И видит Лентина как в бреду, что в тот момент, когда они услышали шум, производимый старухой возле разрушенного храма повитух, та доедала ручку — детскую ручку, сладко обгрызая нежную плоть на пальчиках, и мгновенно спрятала под обломками, услышав приближающих путников. А потом вновь видит бабульку в домишке — глаза заволокла сытая муть, дряблый подбородок в крови, утирается, сидя на том самом месте, где ночью спала рядом с Киром.

Мутится в глазах от бессилия и отвращения, от жалости к покинутым друзьям, которые, возможно сейчас уже мертвы. Но взгляда упрямо не опускает.

— О, госпожа так сильна и так упорна, что сочувствие к друзьям ее не растрогало и не отвернуло ее стопы с тропы, ведущей к башне. А если случится другое?

И вновь видение — Лентина видит так ясно и отчетливо, словно рядом стоит — как Риччи, мирно сопящий, когда она и Кир уходили, дважды спасенный купец открывает глаза. Ждет, пока стихнет грохот, который они учинили, уходя, ждет, когда стихнут их шаги, слышимые с улицы. Встает, осторожно снимает повязку, которая на шее, ощупывает грубый шрам, все еще покрытый подсохшей кровавой коркой. Улыбается — при свете костра в полумраке, который начинает отступать перед рассветом, улыбка страшна — она словно оскал, шире, чем обычная, самая открытая и добрая улыбка человека. Его улыбка — кривая усмешка оборотня, клыкастая, угрожающая. Он не ищет никаких палок, подходит и перегрызает артерию на шее Люка, наслаждаясь агонией. Потом идет к похрапывающей бабке — она ничего не слышит, сон пожилых людей либо хрупок, либо глубок, словно последний и вечный. Старуха лежит на боку, морщинистая шея, отмытая вчера, едва прикрыта тонкими прядями седых волос, дыхание чуть заметное, лишь иногда раздается храп. Наклоняется, тихий хрип — не видать рассвета бабушке. Глаза отвести — нет, нельзя; невозможно отвернуться, сил нет. Видения пугающи, Лентина понимает, нереальны они — морок хронов. Но понимает головой, а сердце щемит, болит, на глаза наворачиваются горькие бессильные слезы. Лишь что-то детское, что живет в каждом, заставляя верить, что не случится так, как она сейчас видит, что впереди будет только хорошее, что будет еще и для них солнечный свет и спокойный день, и тихая ночь наступит после счастливого вечера рядом с теми, кто дорог. И вспоминается мама.

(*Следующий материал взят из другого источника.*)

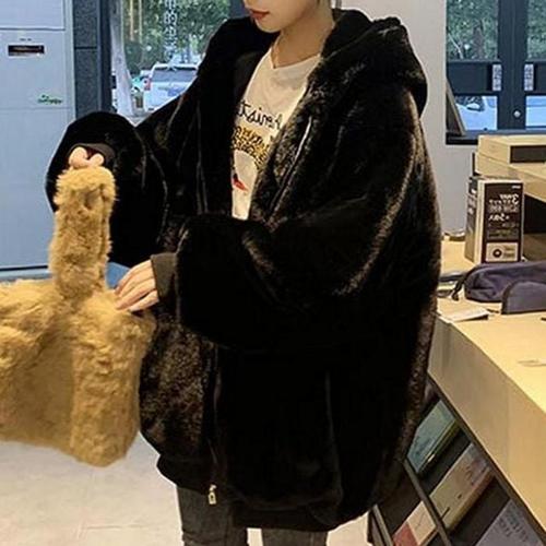 여자 페이크퍼 후드집업 밍크 루즈핏 점퍼

Тогда в далеком-предалеком детстве, когда Лентине было лет десять, они отправились в сад, собирать яблоки. Все домашние отправились, с корзинами и ящиками. Потому что папа сказал: по звездам необходимо собирать урожай яблок именно сегодня. Лентине нравилось заниматься домашними делами рядом с матерью — она не скупилась на похвалы и не смеялась над неудачами, открывая свои маленькие хитрости, как сделать быстрее и лучше. И тем более была странной эта срочная уборка урожая, что на сегодня планировали генеральную уборку в доме, уже и шторы везде сняли, уже и собрали ковры для сушки и чистки на дворе. А тут — яблоки. Лентина спросила тогда:

— Мама, ну вот почему папа такой? Вот он же знал, что мы сегодня уборкой заниматься хотели. Яблоки ему эти дались. Ты же могла возразить и мы бы никуда не пошли, сейчас уже половину бы сделали.

— Деточка, ты видела хоть раз, чтобы мы с папой ругались?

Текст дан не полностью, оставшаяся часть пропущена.